Thanks for bringing up vocabulary grooming, the lack of which has become a major issue in Zotero. Items have user-defined and automatic tags (e.g. from a library import). I chose to use and keep the automatic tags (they are meaningful tags after all), which means that now I have thousands of items with tens of thousands of tags, many of which are duplicates, often just different capitalizations. If I deleted automatic tags, I would lose the classification of many of my items. Sadly, Zotero offers zero help in this, even if I rename items by hand, on the next import I might get unwanted tags back. Logseq absolutely needs a way to deal with this, as it will e.g. inherit the badly tagged Zotero databases.
they seem different from the point of the user, but under the hood they are all relations between tags. If we specify that TagA is a broader version of TagAA, we get a hierarchy (taxonomy), if we specify that TagA is a transitive narrower version of TagX and TagY we get a polyhierarchy that automatically includes all of the children of TagA (such as TagAA and TagAAA), and if we specify the intransitive narrowing we get only TagA as narrower versions of TagX. If we specify things as related, we get a “see-also” entry. If we want an index, we can rely on the ordered collections. So from a software engineering point of view, with just 5 relations, we can create almost any type of hierarchy.
I think this will come naturally. Once Logseq has a nice search hierarchy, people will want to filter the view as well.
I think it is absolutely worth it. I am fighting the massively lacking Zotero system of tags and saved searches every single day. I am at the point where it is often easier for me to find items on Google Scholar than in my Zotero database.
Logseq will only make this 10x worse. A researcher might add 5 Zotero items a day, 1000 per year; in Logseq, it is easy to add 50 blocks in the same amount of time. So we are talking about 10k blocks per year of research. Over the course of a PhD, we are talking about tens of thousands of blocks, over a career hundreds of thousands. Especially as there might be tools that automatically feed into the Zotero database, such as RSS-feeds and the like.

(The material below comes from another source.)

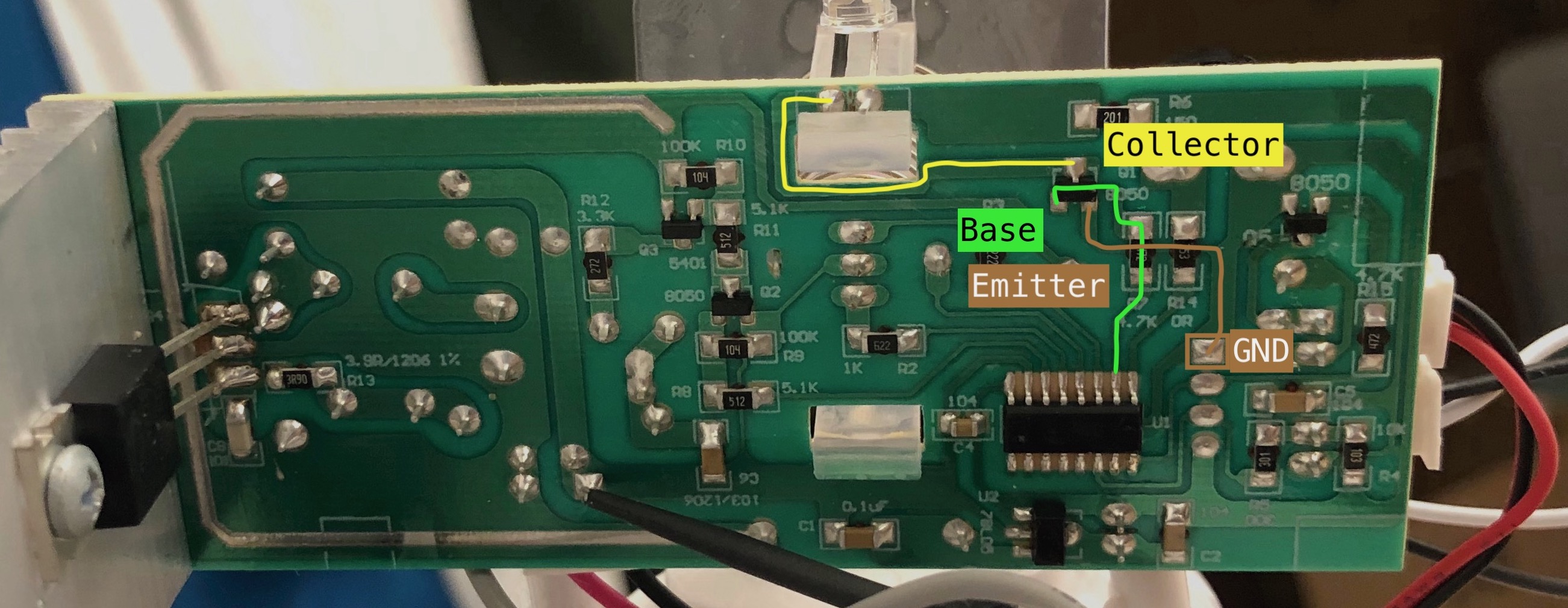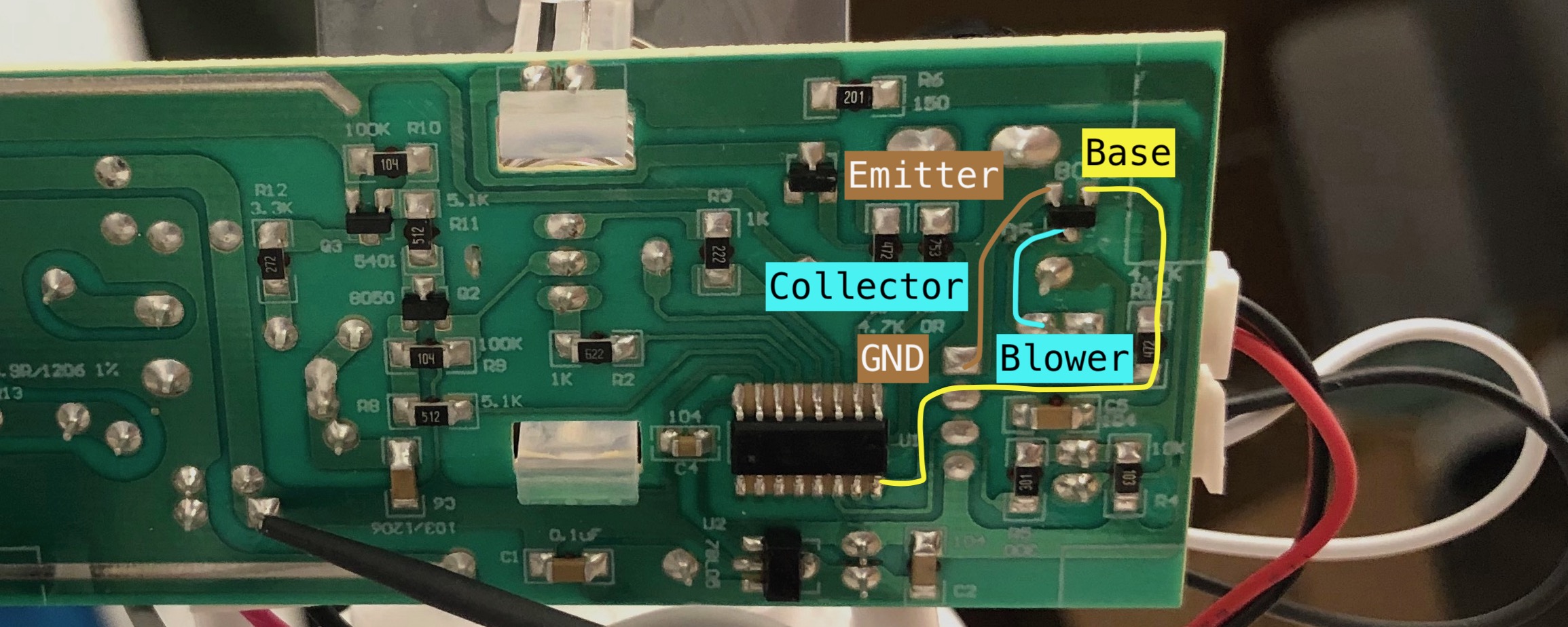 The blower was similarly controlled through a BJT, so locating the pin on the MCU was a breeze now that we know how to deal with NPN BJTs.

I completely agree. The main reason I am looking at Logseq is that Zotero just doesn’t cut it anymore to organize the information I’ve collected.
The benefit of these hierarchies is that they are so lightweight that ignoring them or adding new hierarchies is very little effort. This is not like a folder structure, which is fixed and can only be resorted with a massive effort. Here the hierarchies are a type of overlay on the existing structure, so despite the large power, it doesn’t complicate anything for users who chose not to rely on hierarchies.

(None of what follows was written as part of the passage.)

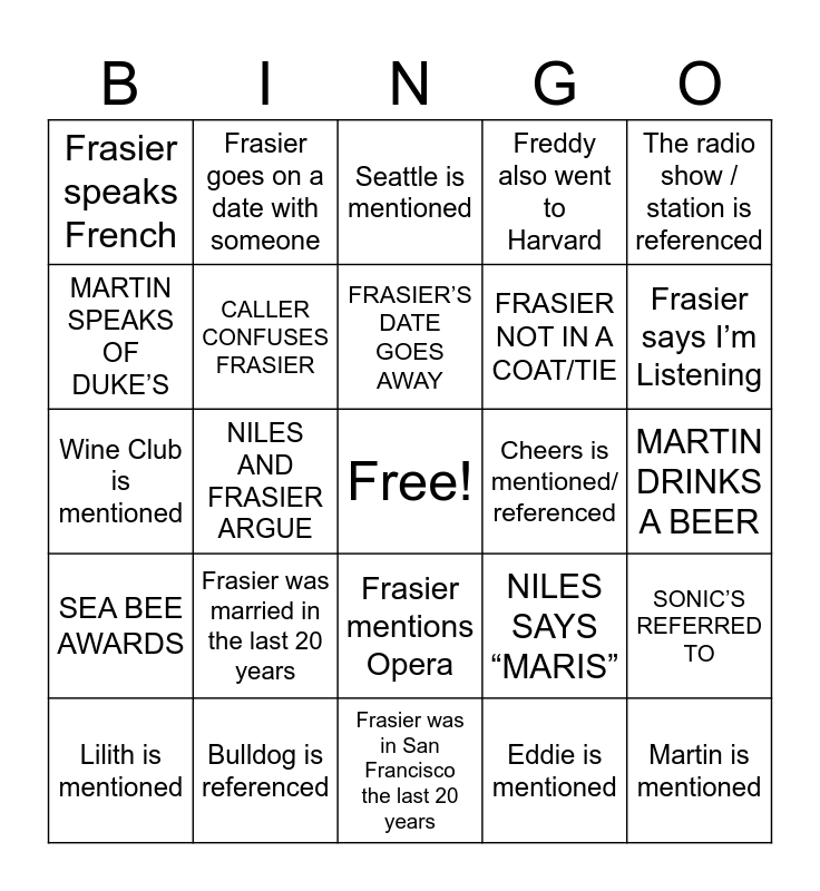 This bingo card has a free space and 43 words: Niles is mentioned, Martin is mentioned, Roz is mentioned, Lilith is mentioned, Daphne is mentioned, Eddie is mentioned, Seattle is mentioned, Sherry is mentioned, The radio show / station is referenced, Bulldog is referenced, Freddy also went to Harvard, Cheers is mentioned/ referenced, Frasier mentions Opera, Frasier was married in the last 20 years, Caffe nervosa is referenced, Frasier was in San Francisco the last 20 years, Frasier was on TV the last 20 years, Wine Club is mentioned, Martin’s Chair is mentioned, Frasier says I’m Listening, Frasier goes on a date with someone, Frasier sleeps with someone, Frasier says something dramatic “Good God” for example, Frasier speaks French, EDDIE STARES AT FRASIER, MARTIN DRINKS A BEER, “NILES, SHERRY?”, “CHEERS” FRIEND APPEARS, NILES SAYS “MARIS”, SEA BEE AWARDS, LILTH APPEARS, SONIC’S REFERRED TO, ROZ TELLS OFF FRASIER, NILES AND FRASIER ARGUE, FRASIER OR NILES PLAY PIANO, NILES LONGS FOR DAPHNE, FINE WINES ARE MENTIONED, FRASIER’S DATE GOES AWAY, MARTIN SPEAKS OF DUKE’S, FRASIER NOT IN A COAT/TIE, NILES DUSTS A CHAIR, CALLER CONFUSES FRASIER and DAPHNE IS OBLIVIOUS TO NILES.

So 1. is GUI representation, 2. is internal relationship between tags, 3. is different hierarchy views (?) and 4. is search on 1 and 4?
For the feature requests, we need to find the right balance between abstract terms and concrete examples.
While virtually everyone has used faceted search, e.g. on Amazon, only few people are familiar with the term, and abstract nonsense gets pushback.
We also need a good, concrete, example. Maybe something from literature. A book about World War 2 could be classified by
/Books/LastName/FirstName/Title
/Literature/Non-fiction/…
/History/20thCentury/WW2/…
/Military/Conflicts/WW2/…
/Places/Europe/…
/Technology/Weapons/…
Any of the Library classification schemes: Dewey, UDC, LCC, Bliss, …
These are available from library catalogs and a plugin can tag book items automatically
wouldn’t it be great to be able to browse our own libraries by these schemes?
…
All of which are completely reasonable and useful for finding the item.
We also need to explain why tagging is not sufficient, as in this case our item would need a large number of tags, forgetting to tag the item would make it irretrievable, and tags by themselves to not give the hierarchical search we need.